Measured times on various platforms

The program execution time depends on the number of patches and the number of wire segments used. The central processor time approximately follows the formula;

T=

T₁ + T₂ + T₃+ T₄

T₁=(A₁kN_s² + A₂kN_s² + A₃kN_sN_p + A₄N_c)/M,

T₂=B(N_s + 2N_p)³/M₂,

T₃=CN_s +2N_p)²/M ,

T₄=DkN_f(N_s+2N_p),

where

N_s=number of wire segments,

N_p=number of surface Patches,

N_c=number of connections between a wire and surface,

N_e=number of different excitations,

N_f=number of far-field calculation points

M=number of degrees of symmetry,

k=

1 for structure in free space,

2 for perfect ground of reflection coefficient approximation, and

4 for Sommerfeld/Norton method. T₁ is the time to fill the interaction matrix; T₂ is the time to factor the matrix; T₃ is the time to solve for the currents for all excitations; and T₄ is the time to calculate far fields.

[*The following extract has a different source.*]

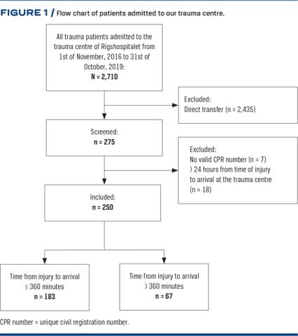 A total of 2,710 patients were admitted to the Trauma Centre at Rigshospitalet during the period from 1 November 2016 to 31 October 2019. Interhospital transfer occurred for 275patients (10.1%). We excluded 25 patients, leaving a cohort of 250 patients (Figure 1). The median age was 47 years (IQR 26-65), most were male (68.4%) and 113 patients (46.9%) had an ISS > 15 (Table 1). At the primary facility, a full trauma team was activated in 66.4% of the admitted patients and the median time spent from arrival to departure from the primary facility was 157 minutes (IQR 115-222) (Table 2). The median time from injury to arrival at our trauma centre was 255 minutes (IQR 192-371), including a median interhospital transfer time of 32 minutes (IQR 18-47). The 30-day mortality was 6% (95% CI 3.6-9.7). In 183 patients, the time from injury to arrival at our trauma centre was lower than 360 minutes, whereas 67 patients arrived more than 360 minutes (27%; 95% CI 21.7-32.6) (Table 2) after sustaining their injury. Arrival according to a 240 minute-interval and a graphical representation are shown in supplementary files (Table 4, Figure 2, https://ugeskriftet.dk/files/a03200138_-_supplementary.pdf).

The proportionality factors depend on the computer system on which the program is run. The factors in seconds for a CDC 7600 computer when the matrix fits in core are roughly

A₁=3.(10^-4),

A₂=5.(10^-5),

A₃=5.(10^-4),

A₄=2.(10^-2),

B=2.(10^-6),

C=4.(10^-6), and

D=6.(10^-5), When the extended thin-wire kernel is used, A₁ is increased by about 18 percent. If the approximation for large interaction distances is used with RKH=R_o, then A₁ is multiplied by (1 - 0.7F) where F is the faction of all segment pairs for which the separation is grater than R_o.

Unless a large number of excitations or far fields are requested, T₁ and T₂ will account for nearly all of the running time. If the matrix does not fit in core storage, T₁ and T₂ will be larger than indicated above. They may be much larger if I/O time is included.

The code SOMNEC requires about 15 sec to write the Summerfeld/Norton data file on a CDC 7600 computer.